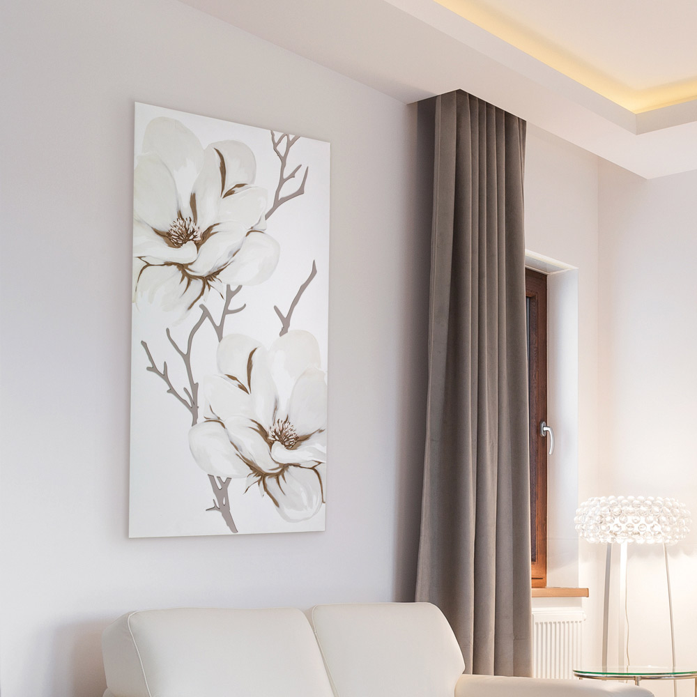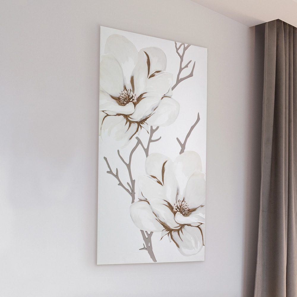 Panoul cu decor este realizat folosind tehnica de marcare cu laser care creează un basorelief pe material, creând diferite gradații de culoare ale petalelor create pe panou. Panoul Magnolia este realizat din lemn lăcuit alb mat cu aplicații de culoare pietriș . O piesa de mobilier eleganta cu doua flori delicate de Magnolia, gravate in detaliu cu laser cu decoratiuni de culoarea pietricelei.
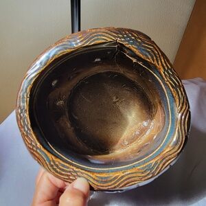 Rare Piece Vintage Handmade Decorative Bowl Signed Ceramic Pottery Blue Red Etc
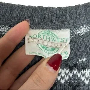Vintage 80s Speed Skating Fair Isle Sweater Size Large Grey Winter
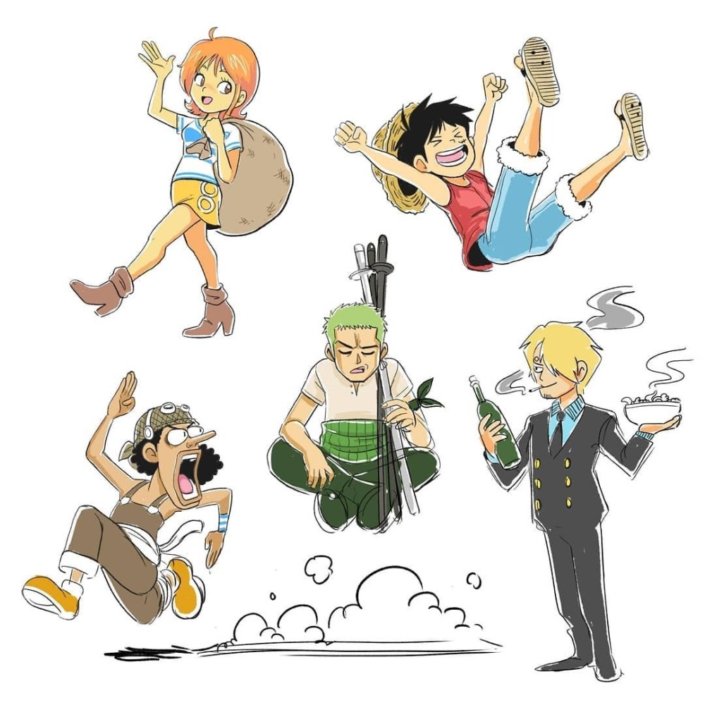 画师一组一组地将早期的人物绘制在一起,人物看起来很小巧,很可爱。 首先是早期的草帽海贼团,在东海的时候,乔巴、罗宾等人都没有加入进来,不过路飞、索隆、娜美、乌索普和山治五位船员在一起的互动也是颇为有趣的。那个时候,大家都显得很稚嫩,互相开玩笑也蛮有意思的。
=-=-=
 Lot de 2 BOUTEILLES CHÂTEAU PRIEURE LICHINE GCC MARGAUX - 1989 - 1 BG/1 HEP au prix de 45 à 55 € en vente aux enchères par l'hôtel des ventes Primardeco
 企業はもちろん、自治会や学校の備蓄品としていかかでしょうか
=-=-=
# Action item
Your copy should hold the lines from the one with "Panoul cu decor" up to and including the one with "画师一组一组地将早期的人物绘", exactly as in the data above, and no pictures.

# Answer for the task
 Panoul cu decor este realizat folosind tehnica de marcare cu laser care creează un basorelief pe material, creând diferite gradații de culoare ale petalelor create pe panou. Panoul Magnolia este realizat din lemn lăcuit alb mat cu aplicații de culoare pietriș . O piesa de mobilier eleganta cu doua flori delicate de Magnolia, gravate in detaliu cu laser cu decoratiuni de culoarea pietricelei.
 Rare Piece Vintage Handmade Decorative Bowl Signed Ceramic Pottery Blue Red Etc
Vintage 80s Speed Skating Fair Isle Sweater Size Large Grey Winter
 画师一组一组地将早期的人物绘制在一起,人物看起来很小巧,很可爱。 首先是早期的草帽海贼团,在东海的时候,乔巴、罗宾等人都没有加入进来,不过路飞、索隆、娜美、乌索普和山治五位船员在一起的互动也是颇为有趣的。那个时候,大家都显得很稚嫩,互相开玩笑也蛮有意思的。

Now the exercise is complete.